- Born: New York, NY
- Known for: Founder, Grasshopper Group
- Website: www.davidhauser.com

= David Hauser =

David Hauser is an American entrepreneur, speaker and angel investor. He is best known for co-founding the Grasshopper Group, a virtual telephone service acquired by the Citrix Systems for $170 million in 2015. Hauser is a founding member of the National Entrepreneurs' Day and has co-founded a number of tech companies including Grasshopper, Chargify, Spreadable PopSurvey, Deck Foundry and others.

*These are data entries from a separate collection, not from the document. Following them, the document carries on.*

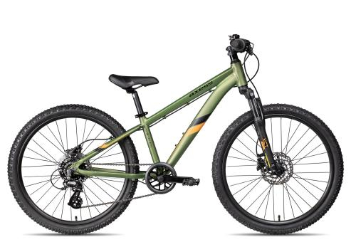 Dann ist das Axess Stipe PRO 24 eine gute Wahl., Die 7 auswählbaren Gangstufen der Shimano Schaltung werden dabei kindgerecht per Drehgriffschalter bedient., Für die ersten Offroadfahrten ist das Axess Stipe PRO 24 mit kräftigen Shimano Hydraulik-Scheibenbremsen und einer 50 mm SR Suntour XCT Jr. Federgabel ausgestattet., Dazu sind die 24 Zoll Laufräder mit breiten, profilierten Reifen ausgestattet., So sind auch Fahrten abseits der Straße gut zu kontrollieren., Mit dem soliden 1×7 Gang Shimano Altus Antrieb können junge Offroadfans erste Schaltmanöver durchführen, ohne überfordert zu werden., Mit dem Stipe PRO 24 zeigt dir Axess ein feines Modell aus der Welt der 24 Zoll bereiften Kindermountainbikes., Axess empfiehlt sein gut ausgestattetes Stipe PRO 24 ab einem Alter von etwa 8 Jahren., Suchst du ein gut ausgestattetes Kinder-Mountainbike zu einem klasse Preis/Leistungs-Verhältnis?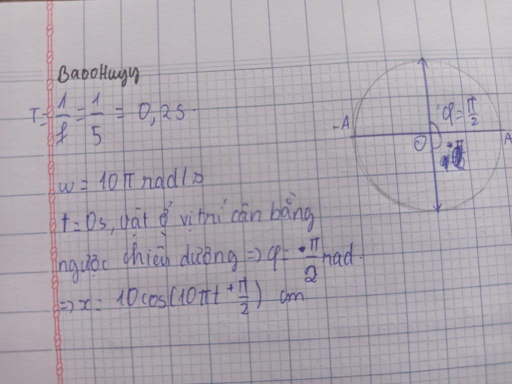 Xét 1 vật dao động điều hòa có biên độ 10cm, tần số 5Hz. Tại thời điểm ban đầu t=0 vật qua vị trí cân bằng ngược chiều dương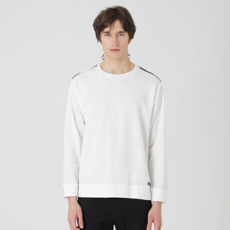 ヨーク部分にクレストブリッジチェックをあしらった定番のニットソー。程良い厚みに編み上げたニットライクな生地を使用することで、一枚での着用はもちろん、インナーにも合わせやすいアイテムです。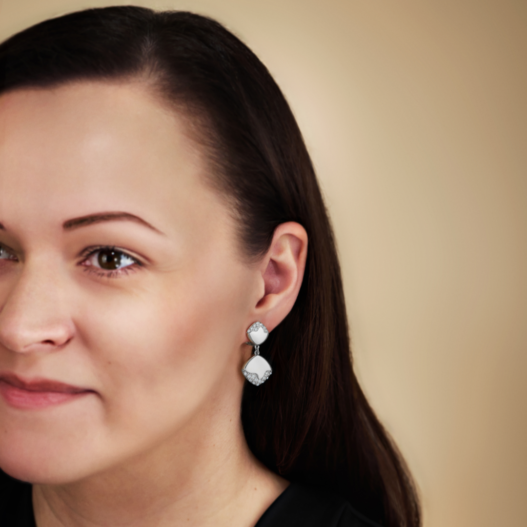 Traveller Ohrclips - Hänger - Silberfarben - Kristalle - Quadratisch - Platiniert - 30x15mm

==Early life and education==
Hauser was born and raised in New York City. He attended City & Country School in Manhattan. Later, he went to Poly Prep for High school. He received a Bachelor of Science degree in Business Administration from Babson College in 2004.

==Career==
Hauser started a number of companies when he was in high school. In 1999, Hauser first co-founded an e-mail performance management company, Return Path to improve the content, reach and delivery of permission-based e-mail programs. During his time at Babson College, he met Siamak Taghaddos and they planned to start a virtual telephone service. In February 2003, they launched GotVMail Communications, which gave customers a toll-free or local number to use for incoming calls. They later rebranded GotVMail to Grasshopper to empower entrepreneurs to succeed.

In 2010, he launched PackageFox to track packages and file claims when the shipment were not delivered on time. In 2011, both Hauser and Taghaddos were named in 2011 Inc magazine's 30 under 30 list. Later in the year, they started recurring billing and subscription management service, Chargify and received funding from Mark Cuban. They also started survey service PopSurvey.

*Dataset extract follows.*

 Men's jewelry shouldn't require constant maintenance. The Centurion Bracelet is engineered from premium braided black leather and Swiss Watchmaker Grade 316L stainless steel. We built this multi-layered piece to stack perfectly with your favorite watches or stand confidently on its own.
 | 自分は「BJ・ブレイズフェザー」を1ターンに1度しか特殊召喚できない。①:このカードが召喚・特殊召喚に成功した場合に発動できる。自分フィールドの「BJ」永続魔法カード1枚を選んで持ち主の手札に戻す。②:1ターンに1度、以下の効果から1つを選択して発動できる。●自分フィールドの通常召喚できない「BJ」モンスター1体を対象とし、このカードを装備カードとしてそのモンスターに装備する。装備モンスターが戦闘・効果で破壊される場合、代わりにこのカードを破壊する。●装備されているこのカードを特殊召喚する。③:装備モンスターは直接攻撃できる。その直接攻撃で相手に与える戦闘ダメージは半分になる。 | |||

In 2015, Grasshopper was acquired by the Citrix Systems of California for $165 million in cash and $8.6 million in stock. He also authored the chapter "Student Entrepreneur Giving Back" about his experience in launching GotVMail.

==Investments==
Hauser has invested in several technology companies including Intercom, Unbounce, Munchery, Groove and other.

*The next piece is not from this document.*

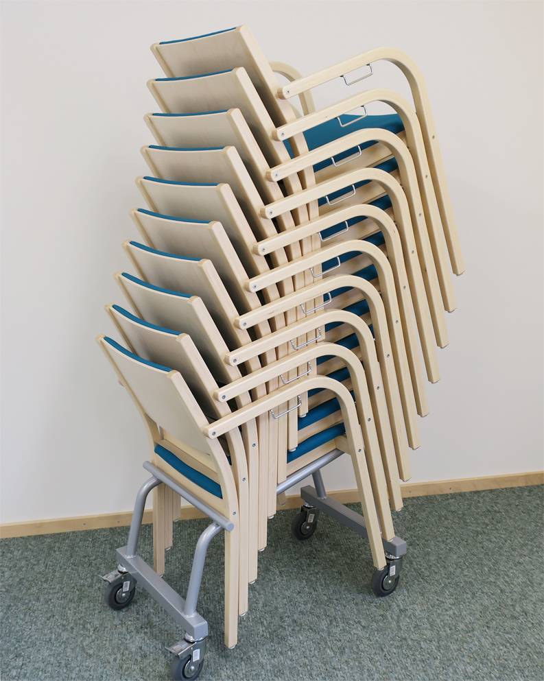 - tuolien säilytyskärry, johon tuoleja saa pinottua 10 kpl

Hauser has also been featured in various business publications, including The Boston Globe, The Wall Street Journal, Business Week and many other.

==Member and accolades==
- 2005 Small Business Administration's MA Young Entrepreneur Award
- 2006 Honored with 40 Under 40 Business Leaders by American Venture Magazine
- 2007 Deloitte & Touche Fast 50 - Rising Star
- 2009 Better Mousetrap Constructors of New England - Honorable Mention
- 2011 Inc. 30 Under 30 list.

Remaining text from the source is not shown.